St. Johns County Commission to weigh options for county-owned golf course

Discussion on the future of the St. Johns Golf Club is set to tee off Tuesday when commissioners will hear a report on what can be done with the county-owned facility.

 

The golf course, a frequent target of scrutiny and criticism during budget season, has had its ups and downs over the years, prompting the county to explore its options for getting financially back on the fairway.

In November 2015, commissioners entered into a five-year, three-phase contract with Ponte Vedra Beach-based Larsen Golf to develop a master plan and provide architectural design services.

In the consultant’s bid for the project, Erik Larsen, president and owner, said the club was already a popular venue and that he saw potential for “sustainable renovation.”

“It has many assets; large land area, safe golf layout with room and dirt in place to work with, great water hazards, big shade trees, natural wetlands, favorable soil types, adequate buildings, lots of golfers, interest from The First Tee of North Florida and Flagler College and motivation by open minded key stakeholders to enhance the facility,” he wrote.

County Administrator Michael Wanchick told commissioners at their April 18 meeting that the long-awaited report on Phase I was coming soon.

He said the county was approached about halfway through the process by a company interested in a public-private partnership and a plan that would, essentially, take nine holes that are no longer being used and turn them into residential development. The county would then receive proceeds to reinvest in what’s left of the golf course.

The county in 2015 shot down a $1 million offer by a group of investors to purchase the golf course, saying the land alone was valued between $2.5 million and $3.5 million, and that the book value on the property was more like $6 million. Officials have said the course nearly pays for itself in terms of operations, although not much else, and there are taxpayers who use the course and homeowners who live around the course to consider.

Wanchick said the report will include information on what a number of options might look like, including selling the property outright, entering into a private-public partnership to make improvements, or maintaining the club as is. He said neither he nor staff would recommend taking a swing at the last option.

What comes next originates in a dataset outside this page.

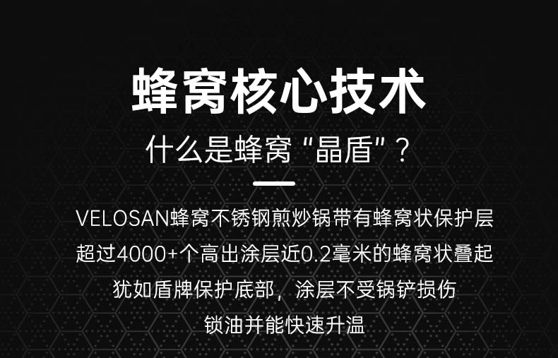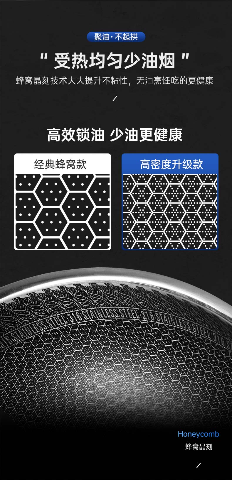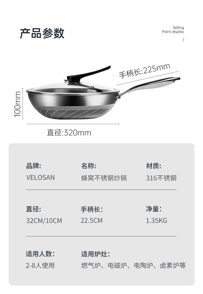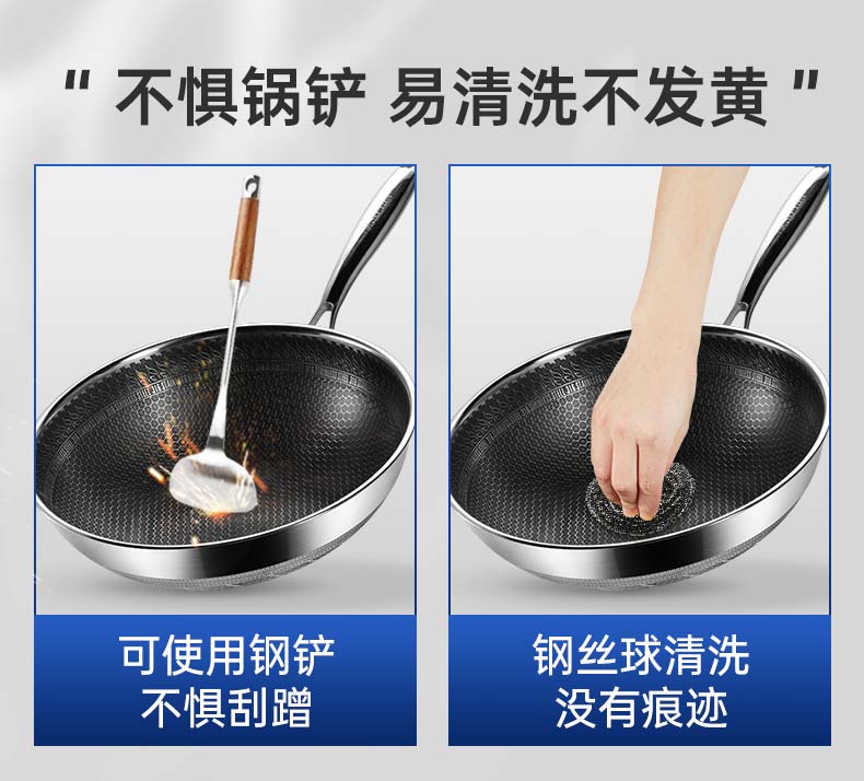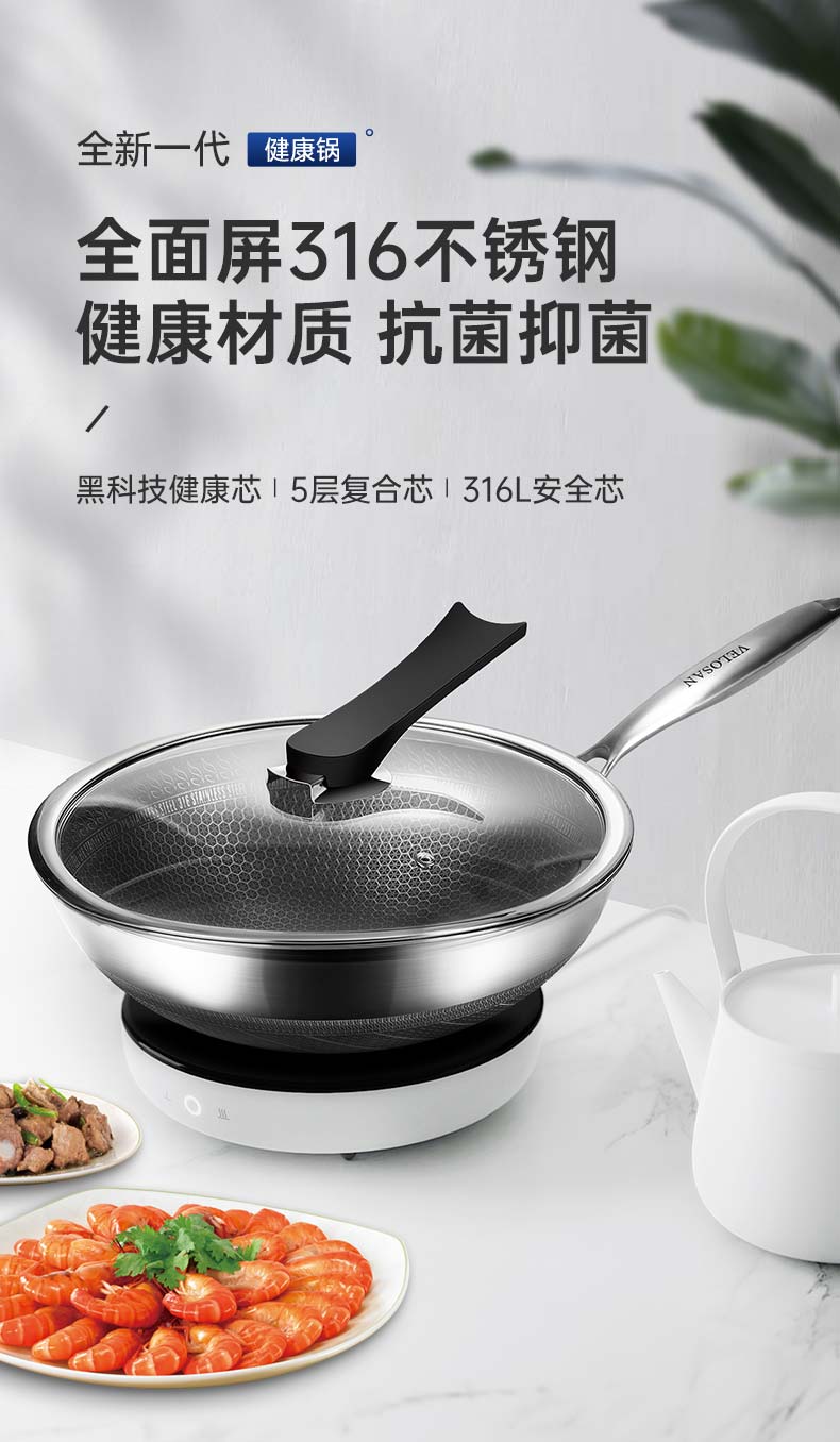 velosan不粘锅炒锅家用316不锈钢蜂窝炒菜锅平底电磁炉煤气灶适用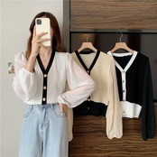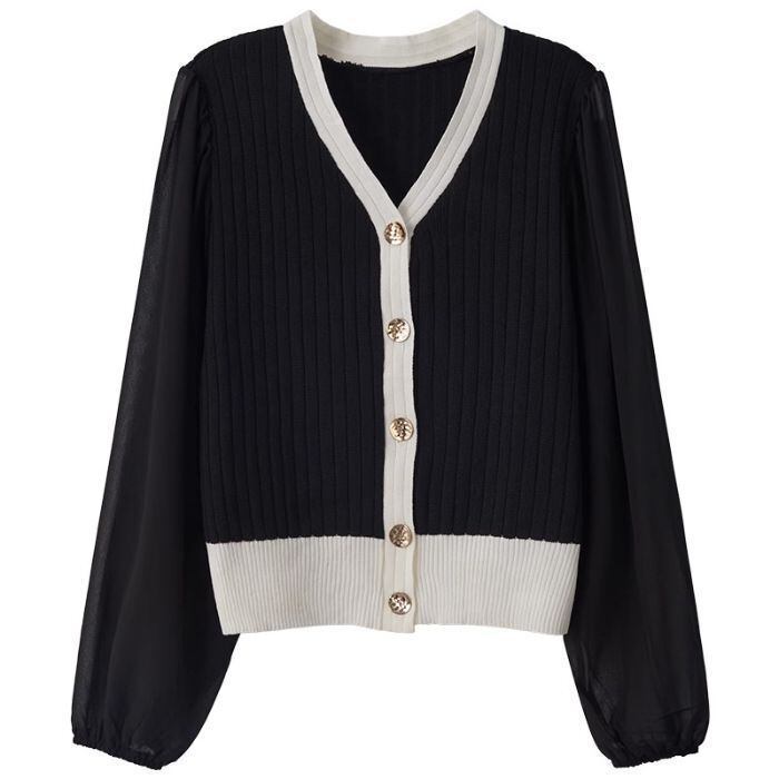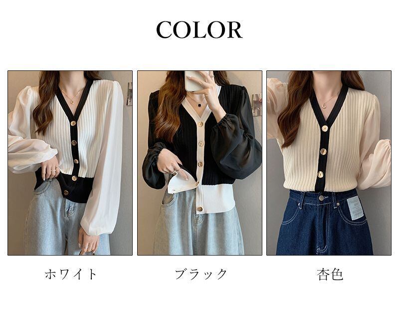 新品 ニットトップス カーディガン レディース シースルー シア バルーン袖 春 Vネック ニットインナー ゆるニット 可愛い ニットセーター 長袖 着痩せ 体型カバー ニット リブ お洒落 カジュアル kkkcnb | オキナ商店

“You can’t limp along like we’re doing,” Wanchick said. “We’ve got to take a proactive action of some sort.”

According to a summary of Tuesday’s agenda item, Phase II, if approved by the board, would entail completion within six months of construction documents for a redesign of the golf course as well as a land plan that would allow for the surplus/sale of the land not used in that redesign. Funding would come from golf course reserves.

County Spokesman Michael Ryan told The Record this week there are many directions Tuesday’s discussion could go because pretty much everything is on the table. He said while the club has the support of many community groups and nearby homeowners, others aren’t as keen on the idea of keeping it on the county’s books.

According to the county, the roughly 340-acre property had an appraised value of $3.28 million in 2017. However, aging or lacking infrastructure that is impacting rounds of play and, therefore, revenues, will require maintenance and capital outlay dollars to bring it all up to par.

The club opened in 1989 as an 18-hole course. It includes a club house, restaurant, pro shop, driving range and putting green, and offers private lessons, golf clinics and youth training while hosting tournaments and sponsored leagues.

In 2002, an expanded 27-hole course operated in the black for several years. During the Great Recession, however, the facility’s numbers took a beating and, in 2011, the county closed the nine additional holes and shifted existing maintenance staff primarily to contract positions in order to minimize costs.

Even with reductions in operating costs, revenues continued to decline, hitting a low point of $1,044,964 in 2014. In 2015, the County Commission approved paying off about $1.8 million in golf course debt.

Last year was the first time operating revenues exceeded expenses in six years and the county anticipates 2017 revenues to exceed what they were in 2016. Still, the $1,169,710 generated last year falls well short of the $1,972,117 generated in 2007, after which the golf course saw seven straight years of declining revenues.

The 50,583 total rounds played in 2016 marked the third consecutive year of increases after taking a nosedive from 51,978 in 2011 to 43,697 in 2012 and bottoming out at 43,324 in 2013. The number of rounds played is still nowhere near the high water mark of 72,489 in 2008.

Historically, there’s been an average of 61,021 rounds played annually.